_WORK INSTRUCTIONS_.
Start at the line in the entries below that contains "crescita dei bambini.", stop at the line that contains "Un étal sans", and output exactly the lines in that span, both ends included.

_DATA EXTRACTS_.
- Opening Delimiter -

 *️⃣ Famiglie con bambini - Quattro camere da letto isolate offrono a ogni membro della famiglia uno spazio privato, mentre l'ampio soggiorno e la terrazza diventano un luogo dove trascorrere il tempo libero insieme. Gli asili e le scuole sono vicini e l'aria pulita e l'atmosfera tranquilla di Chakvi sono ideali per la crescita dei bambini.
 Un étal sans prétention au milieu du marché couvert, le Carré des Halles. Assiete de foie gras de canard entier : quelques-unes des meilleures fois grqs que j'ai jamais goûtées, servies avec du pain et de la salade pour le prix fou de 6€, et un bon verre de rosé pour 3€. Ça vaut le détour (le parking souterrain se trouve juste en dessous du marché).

- Closing Delimiter -
- Opening Delimiter -

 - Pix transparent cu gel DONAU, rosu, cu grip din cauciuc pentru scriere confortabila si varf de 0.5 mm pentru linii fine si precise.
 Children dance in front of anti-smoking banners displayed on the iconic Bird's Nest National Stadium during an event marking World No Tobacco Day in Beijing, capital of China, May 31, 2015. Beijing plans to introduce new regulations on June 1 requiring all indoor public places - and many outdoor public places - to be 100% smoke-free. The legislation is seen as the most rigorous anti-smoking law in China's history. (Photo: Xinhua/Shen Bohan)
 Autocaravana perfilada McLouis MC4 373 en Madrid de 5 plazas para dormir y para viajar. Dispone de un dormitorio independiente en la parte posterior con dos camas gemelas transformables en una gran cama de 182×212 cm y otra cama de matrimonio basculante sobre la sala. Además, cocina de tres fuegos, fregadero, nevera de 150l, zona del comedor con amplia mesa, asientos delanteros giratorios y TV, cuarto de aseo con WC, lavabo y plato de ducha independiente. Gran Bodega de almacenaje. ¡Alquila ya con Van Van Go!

- Closing Delimiter -

_WRITTEN SOLUTION_.
 *️⃣ Famiglie con bambini - Quattro camere da letto isolate offrono a ogni membro della famiglia uno spazio privato, mentre l'ampio soggiorno e la terrazza diventano un luogo dove trascorrere il tempo libero insieme. Gli asili e le scuole sono vicini e l'aria pulita e l'atmosfera tranquilla di Chakvi sono ideali per la crescita dei bambini.
 Un étal sans prétention au milieu du marché couvert, le Carré des Halles. Assiete de foie gras de canard entier : quelques-unes des meilleures fois grqs que j'ai jamais goûtées, servies avec du pain et de la salade pour le prix fou de 6€, et un bon verre de rosé pour 3€. Ça vaut le détour (le parking souterrain se trouve juste en dessous du marché).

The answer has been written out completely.